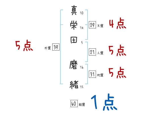 真栄田磨緒さんの画数の鑑定結果
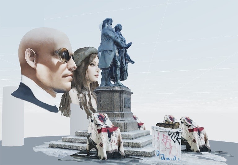 The artwork reflects their life in the "third space" of Weimar, Germany, exploring identity and place through AI avatars and 3D scans of local artifacts. This connects with the historical legacy of German Romanticism and philosophers/artists like Goethe, Schiller, Nietzsche, and Liszt who lived in Weimar. Lichty and Ehtesabian see themselves as modern-day New Romantics within this context.
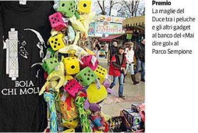 El Shaarawy, Pirlo, Palacio, Tevez. E poi Benito Mussolini. Tra gli idoli dei bambini, a giudicare dai premi in palio al luna park del Sempione – banco «Mai dire goal (o quasi)», ci sarebbe anche lui. Otto palle in rete? Vincita, e si compie la scelta. A sinistra le magliette coi campioni delle varie squadre di calcio. Al centro, pupazzi e orsacchiotti. E a destra sfilza di maglie nere. Primo piano del duce, richiami ad una certa storia, scritte poco amichevoli: «Boia chi molla», «L’Italia soltanto agli italiani», l’«Italia nera». «Vincere e vinceremo». Ma cosa c’entrano in un gioco per bambini?, è la domanda di un papà – l’unico in mezz’ora ad interrogarsi su quello strano spettacolo, tra l’indifferenza degli altri passanti. «Non sono solo per i piccoli, ho tutte le taglie, dalla large alla extra small. Sono apprezzatissime, soprattutto dalle mamme e dalle ragazze», spiega il gestore Remo Miletto, circa 35 anni («ma l’età non si chiede, non sia maleducata»). Insomma, propaganda? «E anche se fosse? Potrei dirle che avevo pure le magliette di Che Guevara e sono finite, ma la verità è un’altra: io tengo ciò che piace. È questione di marketing». E mostra le altre chicche della sua lista premi. Sfondo sempre nero, lato sempre «destro»: «Che dio ce la mandi bbona. E possibilmente in mutande», e «Gli uomini sono come le macchine…», «Bevo soltanto quando guido», o «Per la donna ci vuole il mattarello…». In giro turisti, famiglie, adolescenti. Nessuno si stranisce, alla visione dei premi. Non i genitori, non gli stranieri, non i vicini di banchetto. Tutto permesso, con la crisi? «Ognuno mette in campo ciò che vuole, pur di vendere», alza le spalle Laura Sacchi, impiegata, facendo tirare il pallone al figlio di sei anni (che fortunatamente sceglie in premio la maglietta di Totti). «Se la polizia non dice niente, che problema c’è?», taglia corto anche il venditore di palloncini. Un occhio, andando via, cade sul chiosco dei souvenir. In primo piano campeggia un grembiule, «David di Michelangelo», frecce rosse corrono a mettere in risalto parti del corpo statuario. Milano è anche questa? Modaiola, acculturata e aperta, per qualcuno persino altezzosa. Ma poi, girato l’angolo, irrimediabilmente modesta?
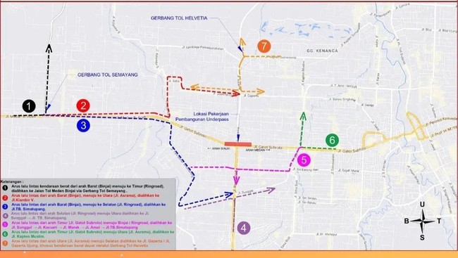 Kementerian PUPR membangun underpass di Jalan Gatot Subroto (Gatsu) simpang Jalan Ringroad dan Jalan Asrama, Medan. Berikut rute rekayasa lalu lintas di sekitar pembangunan underpass tersebut.
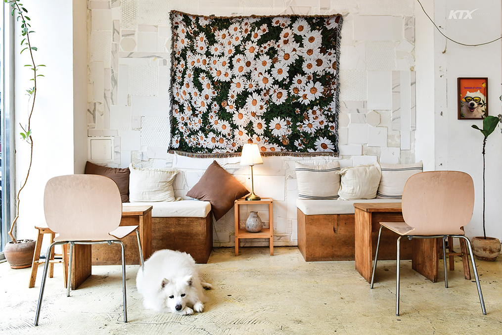 옛 불당동 문화카페거리에 자리한 통유리 구조의 개방감 좋은 카페. 대표 메뉴는 탱글탱글한 수제 커스터드푸딩을 올린 빙수로, 일일 한정 판매할 정도로 인기가 높다. 커스터드 크림은 기본으로 제공하고 추가로 사용할 소스는 두 가지 중 고르면 된다. 달콤함을 더하고 싶다면 캐러멜 소스를, 상큼한 맛이 좋다면 딸기 퓌레를 추천한다. 고소하고 달콤한 팥과 부드러운 우유가 어우러진 팥라테도 매력적이다. 팥라테를 얼려 곱게 간 것에 국내산 팥소를 얹은 팥빙수 또한 이곳의 대표 메뉴. 호두과자의 도시 천안에서 팥을 다르게 맛보고 싶은 사람에게 괜찮은 선택이다. 빙수는 한때 여름철 별미였지만 베이스와 토핑의 종류가 늘면서 이제는 사계절 즐기는 디저트가 됐다. 기분을 끌어올릴 달콤한 맛이 필요한 날엔 투카인즈오브커피를 찾아가자. 카페의 마스코트인 대형견 봉자도 느긋한 표정으로 손님을 반겨 준다.

- **Your assignment**
I'd like the material duplicated exactly, without its pictures.

- **Answer box**
 真栄田磨緒さんの画数の鑑定結果
 The artwork reflects their life in the "third space" of Weimar, Germany, exploring identity and place through AI avatars and 3D scans of local artifacts. This connects with the historical legacy of German Romanticism and philosophers/artists like Goethe, Schiller, Nietzsche, and Liszt who lived in Weimar. Lichty and Ehtesabian see themselves as modern-day New Romantics within this context.
 El Shaarawy, Pirlo, Palacio, Tevez. E poi Benito Mussolini. Tra gli idoli dei bambini, a giudicare dai premi in palio al luna park del Sempione – banco «Mai dire goal (o quasi)», ci sarebbe anche lui. Otto palle in rete? Vincita, e si compie la scelta. A sinistra le magliette coi campioni delle varie squadre di calcio. Al centro, pupazzi e orsacchiotti. E a destra sfilza di maglie nere. Primo piano del duce, richiami ad una certa storia, scritte poco amichevoli: «Boia chi molla», «L’Italia soltanto agli italiani», l’«Italia nera». «Vincere e vinceremo». Ma cosa c’entrano in un gioco per bambini?, è la domanda di un papà – l’unico in mezz’ora ad interrogarsi su quello strano spettacolo, tra l’indifferenza degli altri passanti. «Non sono solo per i piccoli, ho tutte le taglie, dalla large alla extra small. Sono apprezzatissime, soprattutto dalle mamme e dalle ragazze», spiega il gestore Remo Miletto, circa 35 anni («ma l’età non si chiede, non sia maleducata»). Insomma, propaganda? «E anche se fosse? Potrei dirle che avevo pure le magliette di Che Guevara e sono finite, ma la verità è un’altra: io tengo ciò che piace. È questione di marketing». E mostra le altre chicche della sua lista premi. Sfondo sempre nero, lato sempre «destro»: «Che dio ce la mandi bbona. E possibilmente in mutande», e «Gli uomini sono come le macchine…», «Bevo soltanto quando guido», o «Per la donna ci vuole il mattarello…». In giro turisti, famiglie, adolescenti. Nessuno si stranisce, alla visione dei premi. Non i genitori, non gli stranieri, non i vicini di banchetto. Tutto permesso, con la crisi? «Ognuno mette in campo ciò che vuole, pur di vendere», alza le spalle Laura Sacchi, impiegata, facendo tirare il pallone al figlio di sei anni (che fortunatamente sceglie in premio la maglietta di Totti). «Se la polizia non dice niente, che problema c’è?», taglia corto anche il venditore di palloncini. Un occhio, andando via, cade sul chiosco dei souvenir. In primo piano campeggia un grembiule, «David di Michelangelo», frecce rosse corrono a mettere in risalto parti del corpo statuario. Milano è anche questa? Modaiola, acculturata e aperta, per qualcuno persino altezzosa. Ma poi, girato l’angolo, irrimediabilmente modesta?
 Kementerian PUPR membangun underpass di Jalan Gatot Subroto (Gatsu) simpang Jalan Ringroad dan Jalan Asrama, Medan. Berikut rute rekayasa lalu lintas di sekitar pembangunan underpass tersebut.
 옛 불당동 문화카페거리에 자리한 통유리 구조의 개방감 좋은 카페. 대표 메뉴는 탱글탱글한 수제 커스터드푸딩을 올린 빙수로, 일일 한정 판매할 정도로 인기가 높다. 커스터드 크림은 기본으로 제공하고 추가로 사용할 소스는 두 가지 중 고르면 된다. 달콤함을 더하고 싶다면 캐러멜 소스를, 상큼한 맛이 좋다면 딸기 퓌레를 추천한다. 고소하고 달콤한 팥과 부드러운 우유가 어우러진 팥라테도 매력적이다. 팥라테를 얼려 곱게 간 것에 국내산 팥소를 얹은 팥빙수 또한 이곳의 대표 메뉴. 호두과자의 도시 천안에서 팥을 다르게 맛보고 싶은 사람에게 괜찮은 선택이다. 빙수는 한때 여름철 별미였지만 베이스와 토핑의 종류가 늘면서 이제는 사계절 즐기는 디저트가 됐다. 기분을 끌어올릴 달콤한 맛이 필요한 날엔 투카인즈오브커피를 찾아가자. 카페의 마스코트인 대형견 봉자도 느긋한 표정으로 손님을 반겨 준다.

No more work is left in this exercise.